发布时间:2024-09-18
山东人对美食的理解总是透着一份来自渤海的真率。
这种真率是字面上的,若你走过山东,就会发现他们无论是性格、建筑抑或是像大葱这样的农作物,都是高耸入云,承载着对天空的最真挚的憧憬;
或许正是这种一脉相承,使得山东的一些馒头也承载着一种关于耸立的最直接的幻想。
这种馒头是临沂的特产,被称为高桩馒头或签子馍馍。
虽然内核相似,但在一些更为地道的人口中,馒头和馍馍其实是两种截然不同的存在;以签子馍馍为例,作为一种异形面食,它只有在‘馍馍’这个名称下才得以称呼,而馒头则只能是馒头的模样。
然而这并不重要,食物的称谓在其外观之下是一个可以忽略的存在。
尤其当这样一根洁白、挺拔且柔软的东西出现在你的眼前,食欲便会被一种源于工具使用者的本能所征服。
你拿起一根高桩馍馍,拆解、切割、嬉闹,它的外皮因你的手汗落下而出现不易察觉的褶皱。
然后你将它捏扁、撕裂或是掰断,形成一根能够顺利进入喉咙的细长物体,用唾液去滋润它的紧致,利用门齿与臼齿去磨制它的洁白。
直到一整根巨物被你吞咽而下,口腔与肠胃皆感受到满满的满足。
吃这种长条状馒头的快乐是实实在在的。
因为大多数人在生活中很少能体会到嘴部被棍状物填充的感觉。
即便回顾人类制作的诸多食物,棍状物的存在都是显得稀缺。
无论是国内还是国外,一旦某种食物被赋予了棍型的外观,那它便迈向了另一种维度,带着一种亲切感。
在山东吃饭,什么东西都大,大扒鸡、大春饼、大馒头,吃一顿就能摄入一个星期的碳水化合物。

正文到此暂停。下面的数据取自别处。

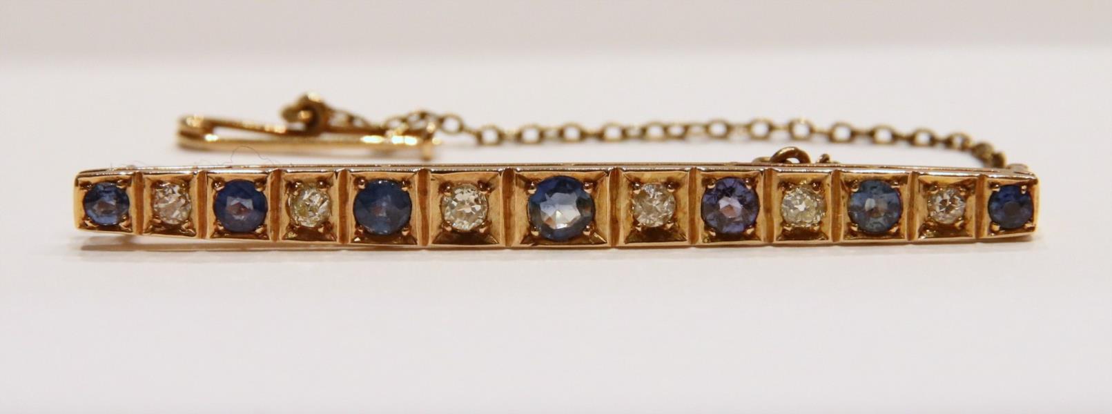 14ct rose gold, made as a straight bar of rectangular form, measuring 5.5cm, alternating with six old cut diamonds and seven round sapphires, graduating in size, bead claw set within square edged frames, completed with pin.

吃完回到酒店,趴在马桶上,回忆这一天,十二指肠与声带相连,哇的一声便把自己交代在了从南海吹来的热风中。
这时候,一根高桩馒头显得特别合适。
它没有明确的指向,没有终点,往往你从一端开始吃,吃到一半已无法继续时,只需要捏点水揉起尖儿,又是一根崭新的主食。
留到第二天招待客人也毫无问题。
山东的高桩馒头一般源自临沂,而临沂的馒头大多数来源于费县。
费县的馒头采用戗面工艺制作,造出的馒头既紧实又挺拔,回弹迅速,可弯可直,犹如一根山东男子的小臂,背负着对事业的忠诚。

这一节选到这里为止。